After high school, B2 read psychology in South Africa at the University of Cape Town. Like most educated Africans, he graduated with little or no job prospects. While waiting tables at a waterfront Italian restaurant and praying for divine guidance, he decided to move to Singapore and work as an English teacher.
According to him, most of his students were women from Korea, Thailand or Indonesia with some sort of guestworker or refugee visas. Most, according to him, were primarıly interested in locating a husband from either a comparatively wealthy Asian country, or somewhere in rıch white people land. B2 fell into the latter category, and was apparently innundated with offers of varying degrees of seediness. All of them, being apparently sincere in the belief system he ascribes to, he declined. Instead he married a Filipina woman he met through his church. They moved for awhile to the Phillipines (where, like in Latin America, the Pentecostals are taking over lock, stock and barrel from the Catholics), where he learned Tagolog and she learned to drive and, judging from his pictures, they played a lot of water sports.
But I guess their life there wasn't sustainable for a variety of reasons, because they followed some Sıngaporean contacts to Istanbul, where they are now settling in, looking for work, and enrolled in the same program as I. I suspect they will end up teaching English, but who knows.
The parents, if you were wondering, left Zimbabwe a few years ago (big surprise) and are now living in Ireland, somewhere rural that I can't remember.

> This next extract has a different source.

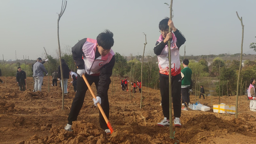 期间同学们有说有笑,也不在乎铲泥土过后酸痛的胳膊,也不在乎尘土飞扬弄脏的衣裤。植树造林,绿化家园,是造福当代,惠及子孙的伟大事业,是改善生态,优化环境的一项重大举措,也是我们每一位青年学子应尽的责任。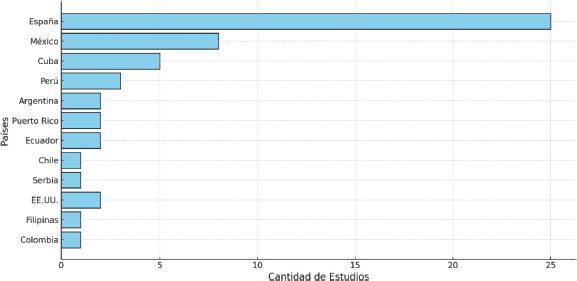 Para la recuperación de documentos, se emplearon varias ecuaciones de búsqueda que combinaban operadores booleanos con términos clave relacionados con la música urbana, como: “música urbana AND letras explícitas,” “reguetón AND percepción,” “letras de canciones AND estudiantes,” y “contenido lírico AND impacto social.” Estas ecuaciones fueron diseñadas para capturar estudios que analizaran tanto las dimensiones líricas como los impactos sociales de este fenómeno. Además, se realizaron búsquedas en inglés y español para reflejar la dimensión internacional del fenómeno, particularmente su relevancia en América Latina, Europa y otras regiones. El gráfico 2 muestra la distribución de los estudios recuperados según el país de origen, destacando a España como el país con mayor cantidad de investigaciones identificadas, seguido por México, Cuba y Perú. Este patrón evidencia una fuerte concentración de estudios en contextos hispanohablantes, lo cual resulta coherente con la geografía cultural de la música urbana.

Now, here's what I find interesting about this guy. Pentecostals are obligated to prosthelytize, right? But to do so in Turkey is illegal. I asked him about this as gently as I could, and his answer seemed to indicate that he was middling at best on the witnessing issue, and considered it rude to be otherwise. What is going on here? Are quasi-European evangelicals much more laid back than their American counterparts? Are some evangelicals a lot less evangelical than others? Most importantly, ıf so, am I a dick for not figuring that out on my own?